Quels sont les nouveaux enjeux économiques, sociétaux et politiques de l’intelligence artificielle ?
Au cours de ces derniers mois, la thématique de l’intelligence artificielle (IA) a envahi comme jamais la blogosphère et les médias, spécialisés ou généralistes. Cette déferlante médiatique a été renforcée par les alertes de grands noms du monde scientifique et technologique (Stephen Hawking, Elon Musk, Bill Gates…) sur ses dangers potentiels. Cette médiatisation croissante ne laisse pas indifférent. Elle attire notre attention sur deux faits majeurs :
- Les recherches en intelligence artificielle connaissent un regain d’intérêt avec les enjeux actuels posés par le Big Data. Les investissements économiques dans le domaine ne peuvent que le confirmer ; en témoigne l’acquisition par Google des sociétés les plus innovantes en la matière depuis 2013 (notamment DeepMind). Il suffirait également d’observer le bouillonnement croissant des start-ups de la Silicon Valley qui se spécialisent de plus en plus dans le domaine de l’intelligence artificielle. Selon Richard Waters1, éditeur de la revue « The Financial Times », les levées de fonds des start-ups de la Silicon Valley spécialisées en IA s’enchaînent de manière exponentielle depuis que le terme « Big Data » est devenu synonyme « d’or noir ». Voici que l’intelligence artificielle s’impose face aux maîtres mots, jusqu’alors prophètes invétérés du monde de la « tech », qui sont ceux de « Big Data » et « d’objets connectés », non pas pour les remplacer, mais pour mieux répondre à leurs enjeux.

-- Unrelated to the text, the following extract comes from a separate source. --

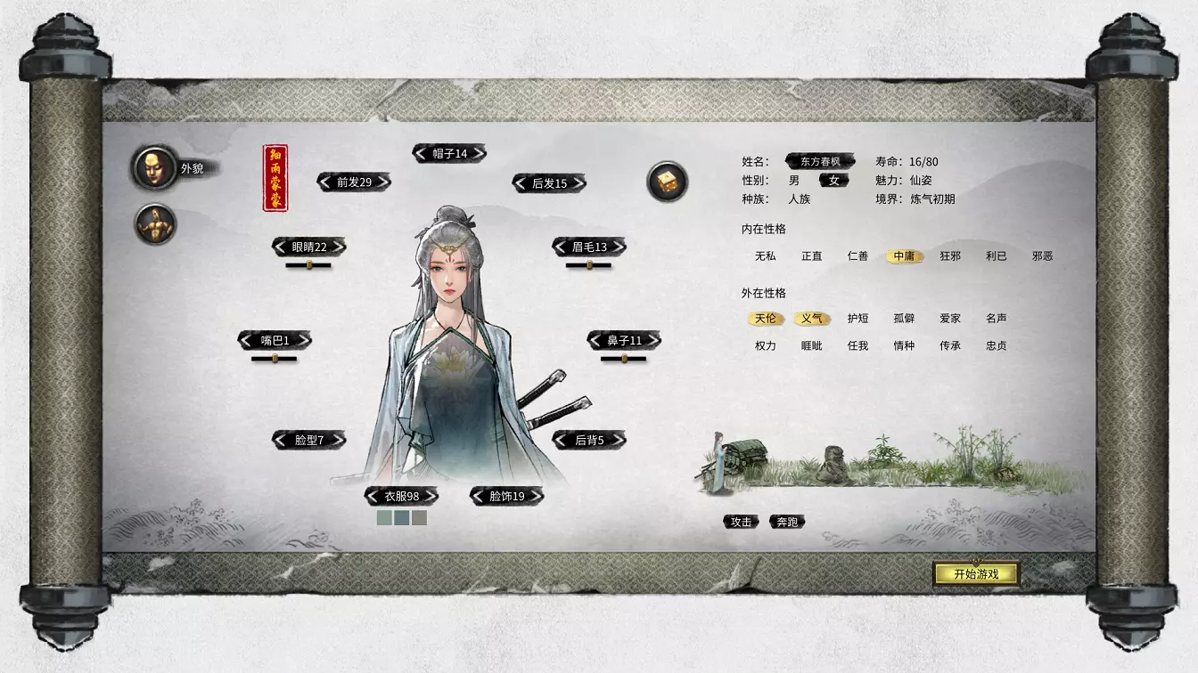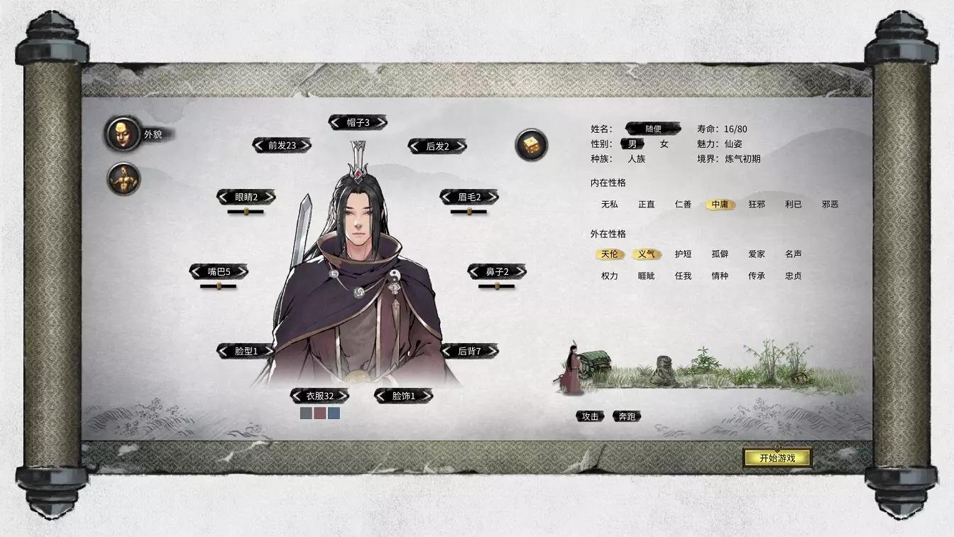 角色创建与属性 创建角色主要分为两个部分,第一部分主要是命名、捏脸和选择性格,第二部分就是选择先天气运。 外貌方面需要注意,捏脸会影响角色的魅力值!所以如果很注重魅力值,就要谨慎捏脸。目前已知的魅力阶段可分为丑陋、怪异、普通、出众、超凡、仙姿。当然也可以自由捏脸后通过先天气运(如倾国倾城之类)来达到仙姿,但并不推荐这种方式。 以下提供的参考只是众多选择中的一个,玩家可自行调整。 男

- La société prend incontestablement part au débat sur les enjeux de l’intelligence artificielle qui oscillent entre fascination et angoisses.

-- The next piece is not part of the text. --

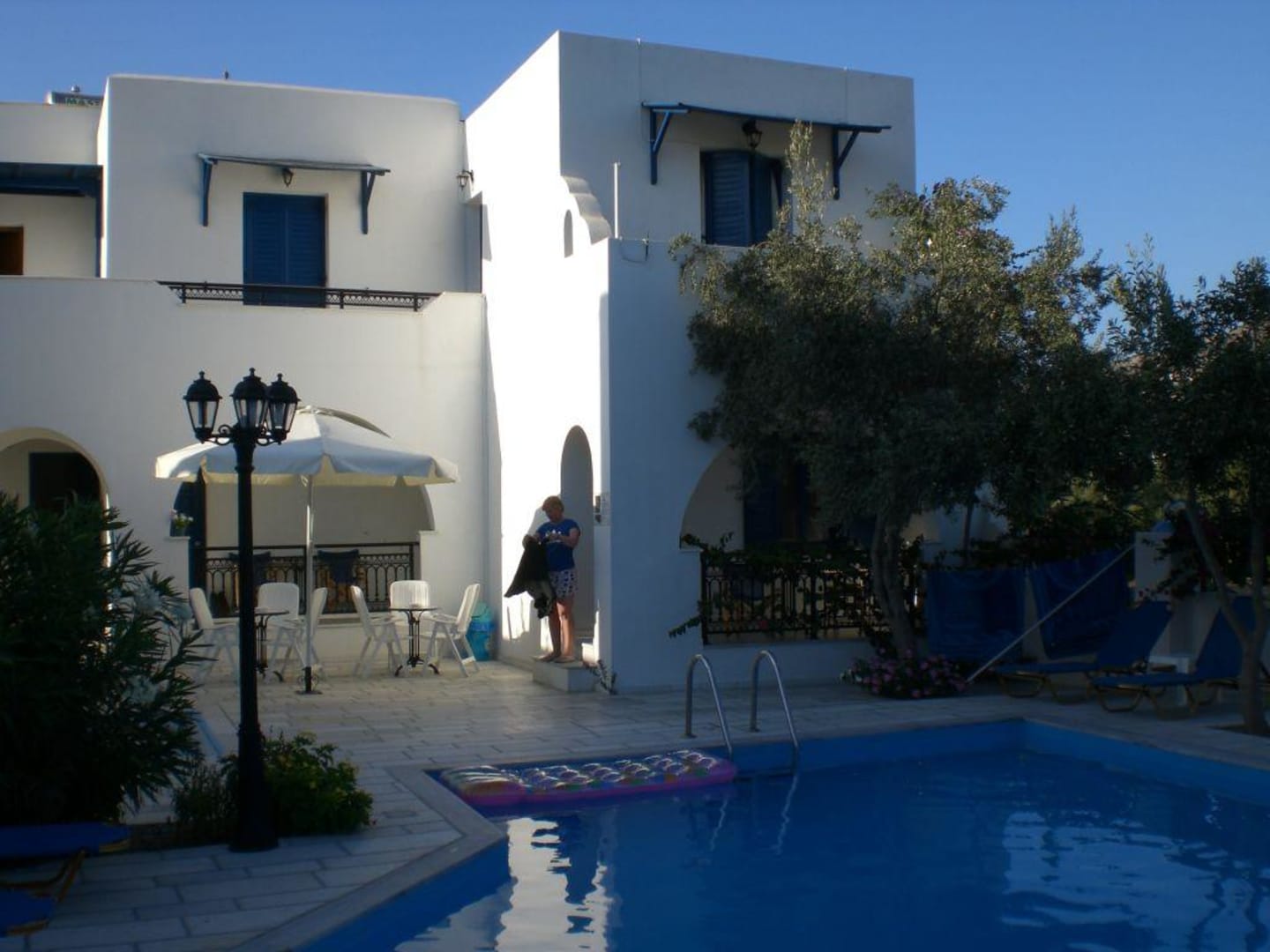 Appartement ikaros studios gezien vanaf zwembadons appartement begane grond verscholen achter de olijfboom

Si nous devions faire le point aujourd’hui, que pourrions-nous dire des enjeux en termes économiques, sociétaux et politiques de l’intelligence artificielle ? Sommes-nous à l’aube d’une nouvelle ère technologique ?
L’Intelligence Artificielle, une 3ème ère de l’informatique ?
L’IA consiste à intégrer dans les programmes informatiques des comportements similaires au fonctionnement de l’intelligence humaine comme l’apprentissage, la capacité de raisonner, la perception de l’environnement, la compréhension du langage.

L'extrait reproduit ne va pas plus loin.